### What you have to do
Filter by the string "Control": return the lines of the material that contain it.

Start of Supplied entries

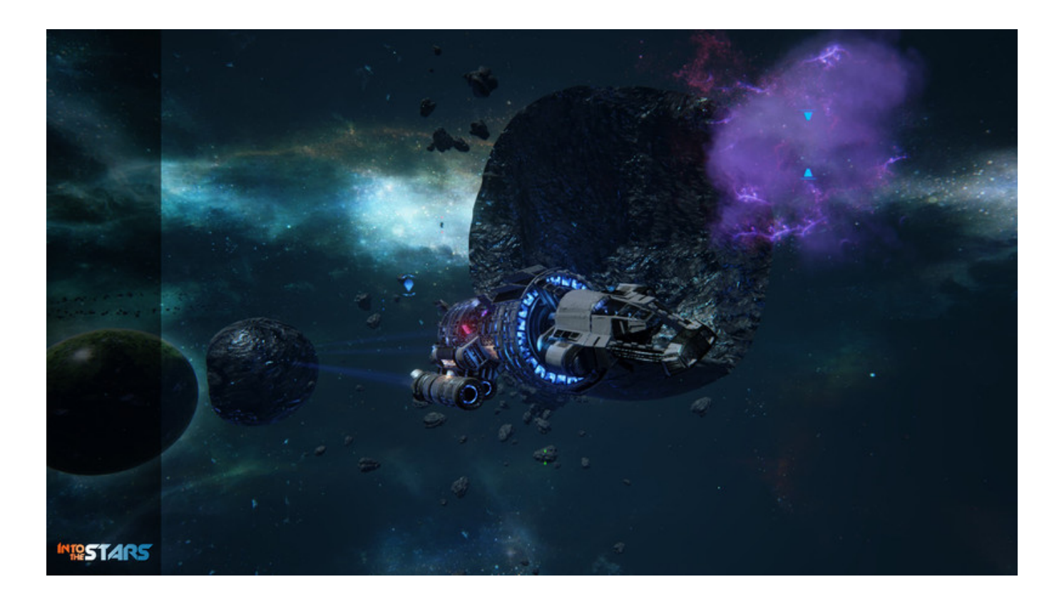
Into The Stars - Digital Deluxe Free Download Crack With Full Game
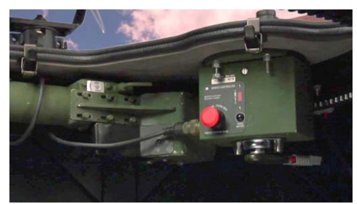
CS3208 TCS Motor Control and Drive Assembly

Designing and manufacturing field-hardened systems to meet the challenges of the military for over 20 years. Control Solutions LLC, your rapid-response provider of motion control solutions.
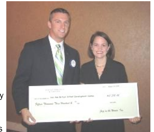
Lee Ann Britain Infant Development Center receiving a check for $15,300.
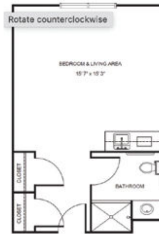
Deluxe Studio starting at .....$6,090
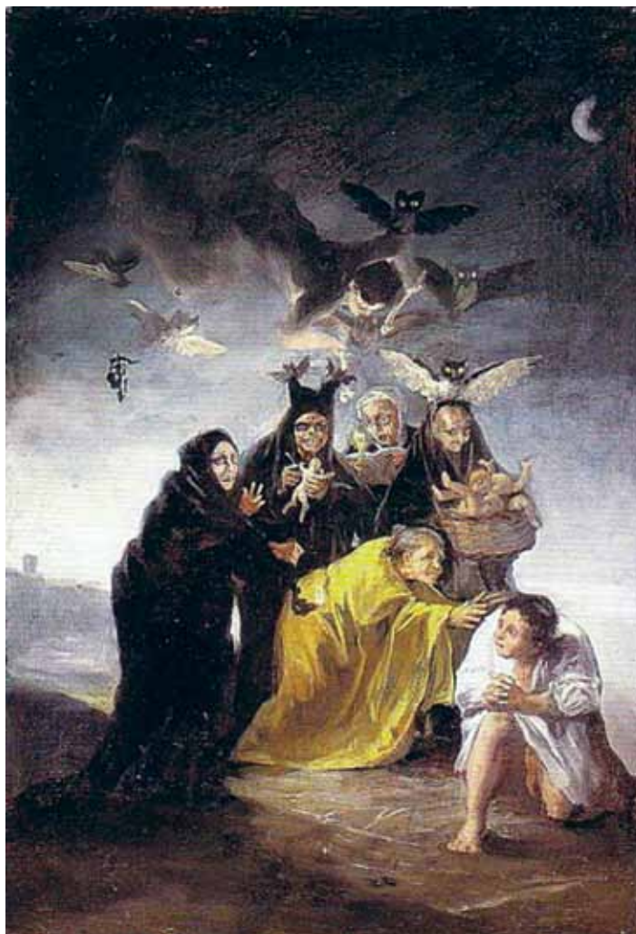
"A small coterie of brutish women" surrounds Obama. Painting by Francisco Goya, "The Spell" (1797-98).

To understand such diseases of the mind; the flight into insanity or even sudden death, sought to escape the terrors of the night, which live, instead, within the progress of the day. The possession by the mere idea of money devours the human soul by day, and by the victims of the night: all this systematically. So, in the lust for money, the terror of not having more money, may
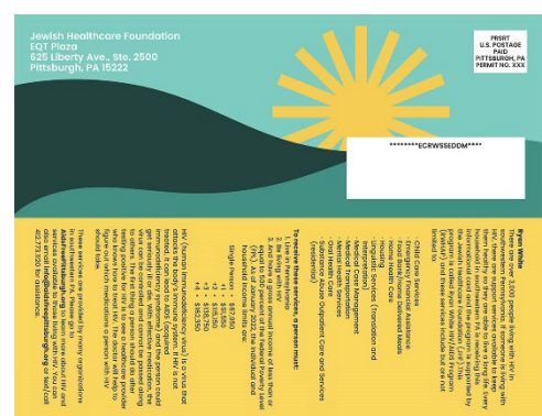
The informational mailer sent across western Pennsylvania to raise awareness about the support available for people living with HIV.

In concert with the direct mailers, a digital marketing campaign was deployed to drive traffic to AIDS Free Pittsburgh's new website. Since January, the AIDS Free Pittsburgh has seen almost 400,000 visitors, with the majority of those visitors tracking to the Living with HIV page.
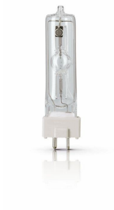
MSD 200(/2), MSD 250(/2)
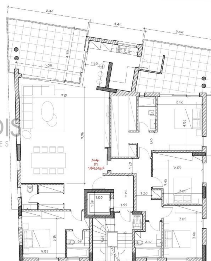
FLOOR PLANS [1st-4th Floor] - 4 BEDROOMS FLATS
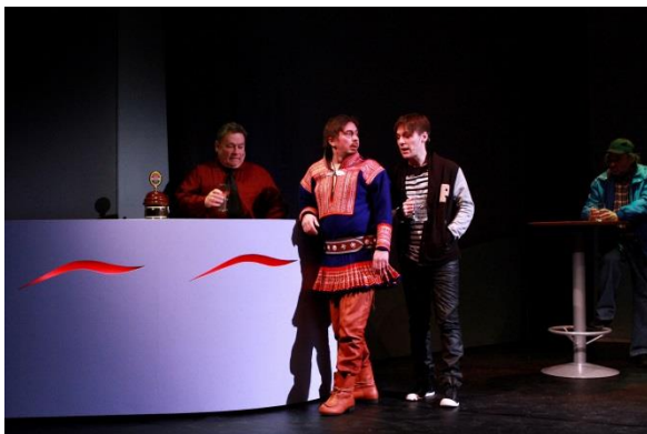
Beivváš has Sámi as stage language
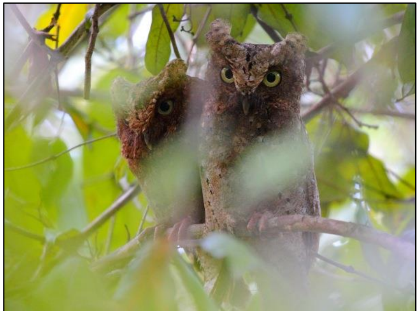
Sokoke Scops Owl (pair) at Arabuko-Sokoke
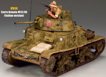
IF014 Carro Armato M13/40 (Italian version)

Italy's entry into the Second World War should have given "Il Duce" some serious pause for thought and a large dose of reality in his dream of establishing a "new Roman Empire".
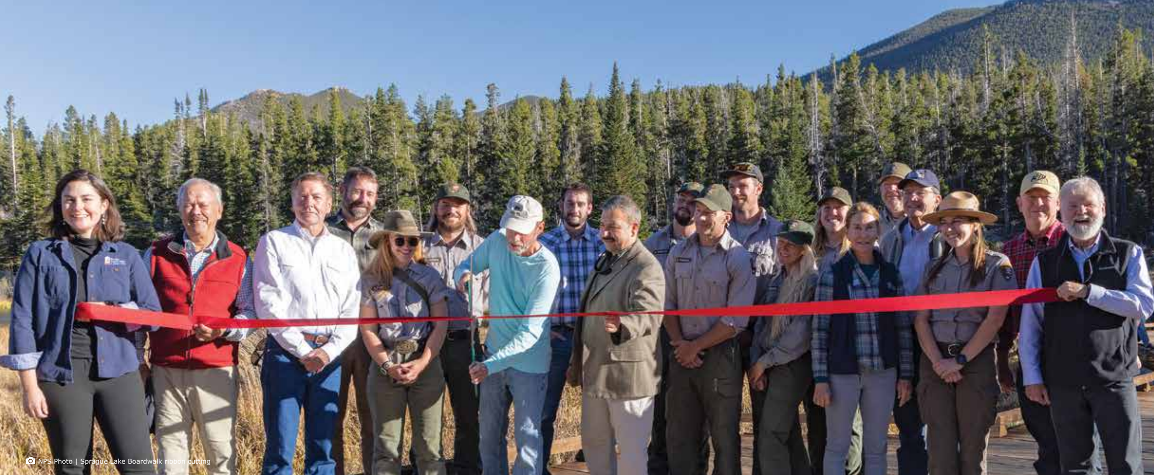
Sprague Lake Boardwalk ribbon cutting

End of Supplied entries

### Finished task
CS3208 TCS Motor Control and Drive Assembly
Designing and manufacturing field-hardened systems to meet the challenges of the military for over 20 years. Control Solutions LLC, your rapid-response provider of motion control solutions.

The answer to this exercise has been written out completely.